Given information >>
------------------------------------------------------------

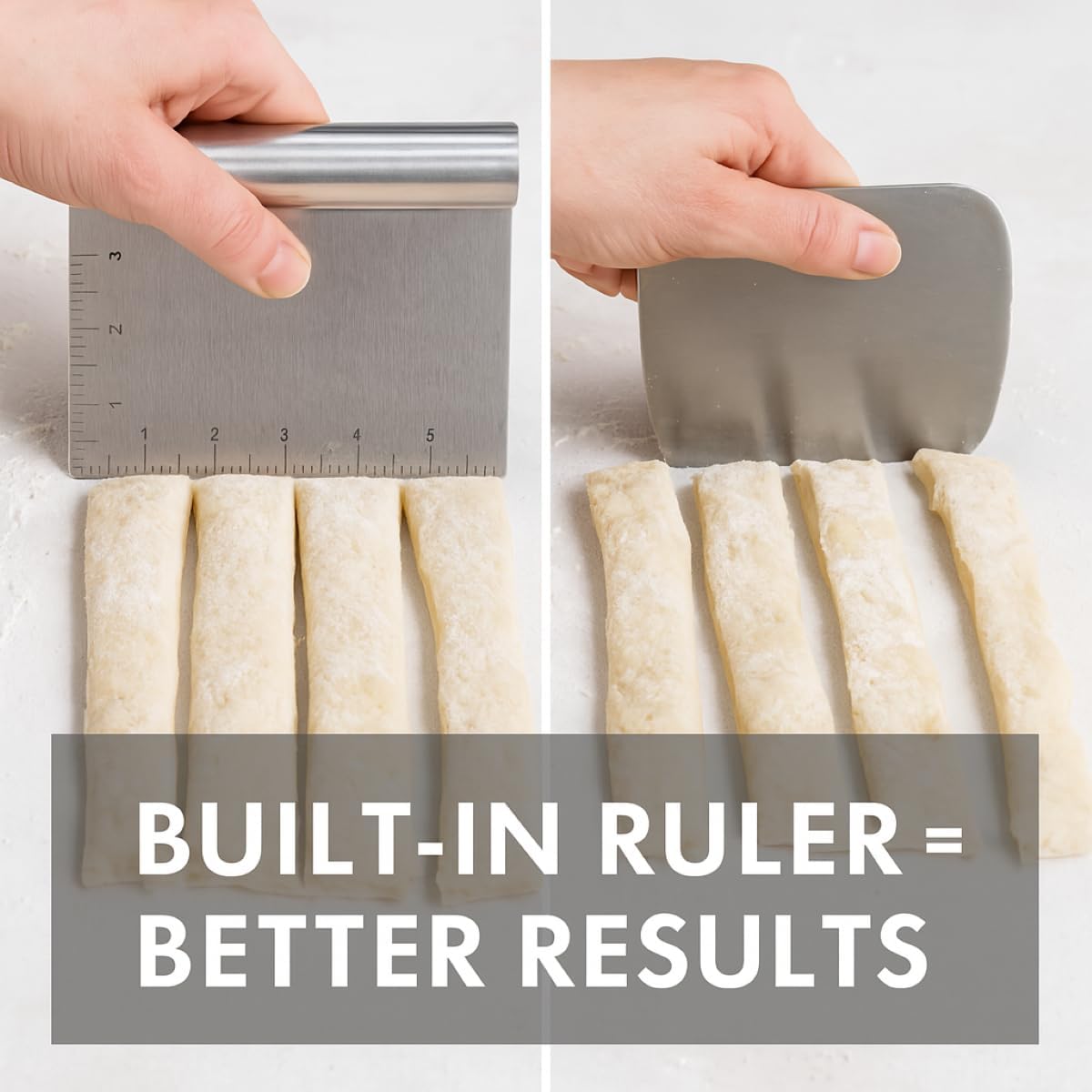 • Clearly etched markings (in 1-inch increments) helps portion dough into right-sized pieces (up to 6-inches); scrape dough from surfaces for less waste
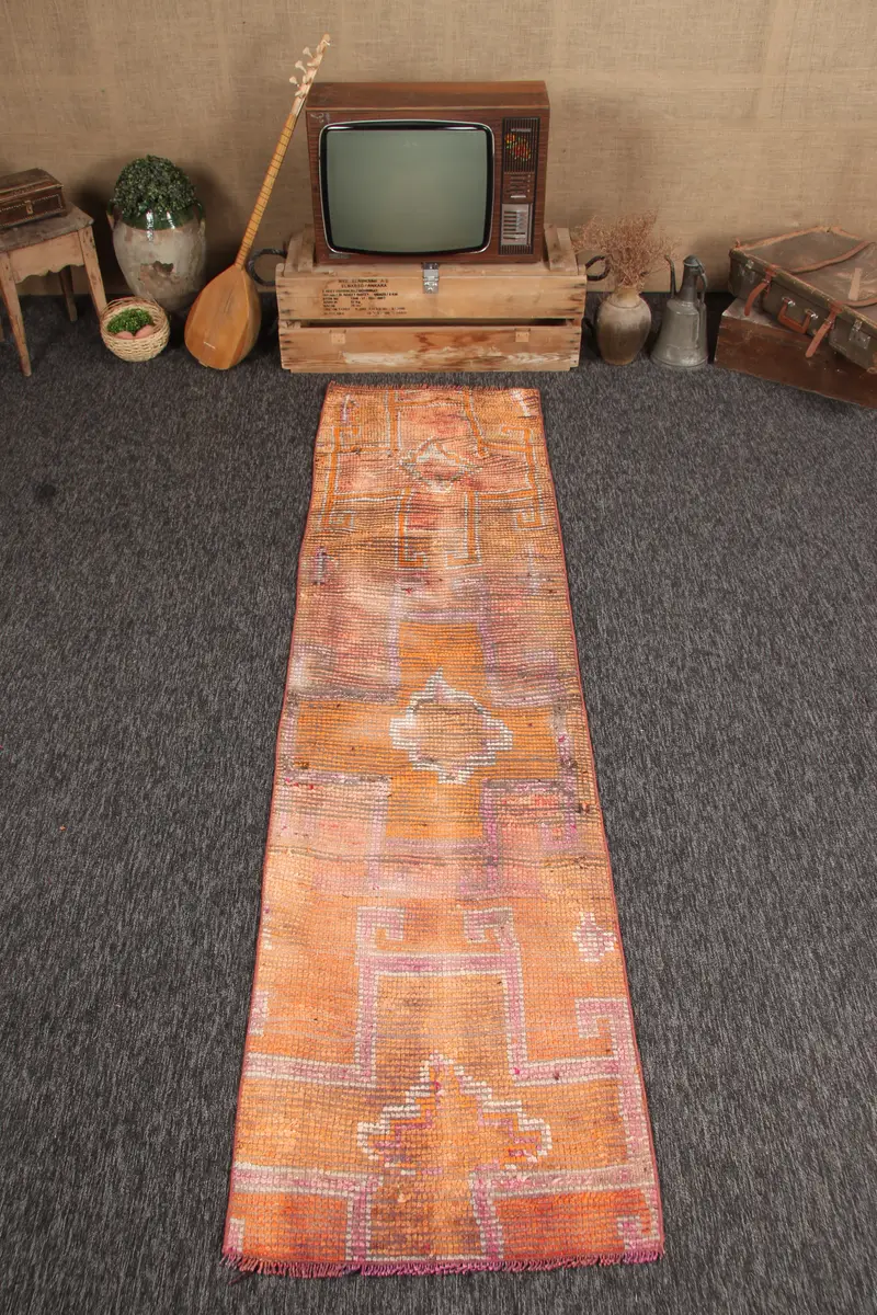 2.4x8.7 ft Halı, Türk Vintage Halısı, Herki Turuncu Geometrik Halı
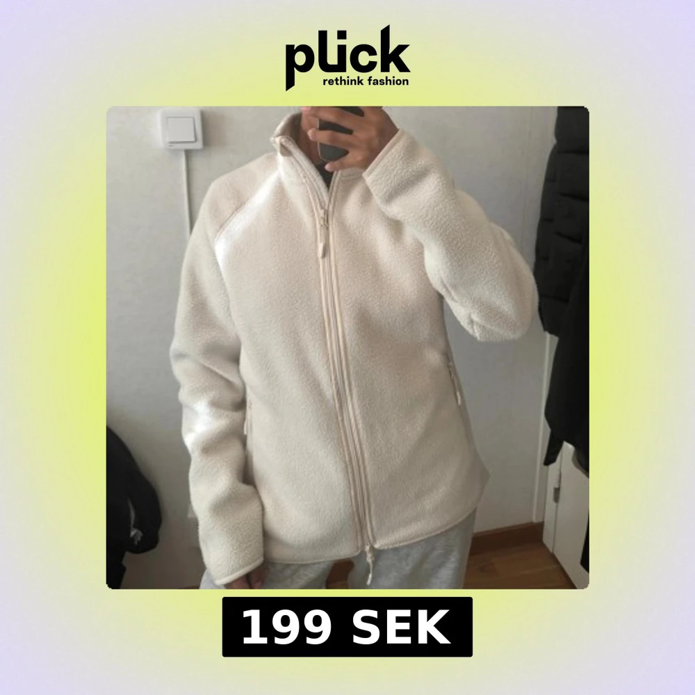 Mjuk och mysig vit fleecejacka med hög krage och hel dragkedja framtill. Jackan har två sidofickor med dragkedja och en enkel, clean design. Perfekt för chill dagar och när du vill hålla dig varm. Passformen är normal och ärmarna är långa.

------------------------------------------------------------

Prompt >>
Take the material above and set it down exactly, minus the images.

Answer for the task >>
 • Clearly etched markings (in 1-inch increments) helps portion dough into right-sized pieces (up to 6-inches); scrape dough from surfaces for less waste
 2.4x8.7 ft Halı, Türk Vintage Halısı, Herki Turuncu Geometrik Halı
 Mjuk och mysig vit fleecejacka med hög krage och hel dragkedja framtill. Jackan har två sidofickor med dragkedja och en enkel, clean design. Perfekt för chill dagar och när du vill hålla dig varm. Passformen är normal och ärmarna är långa.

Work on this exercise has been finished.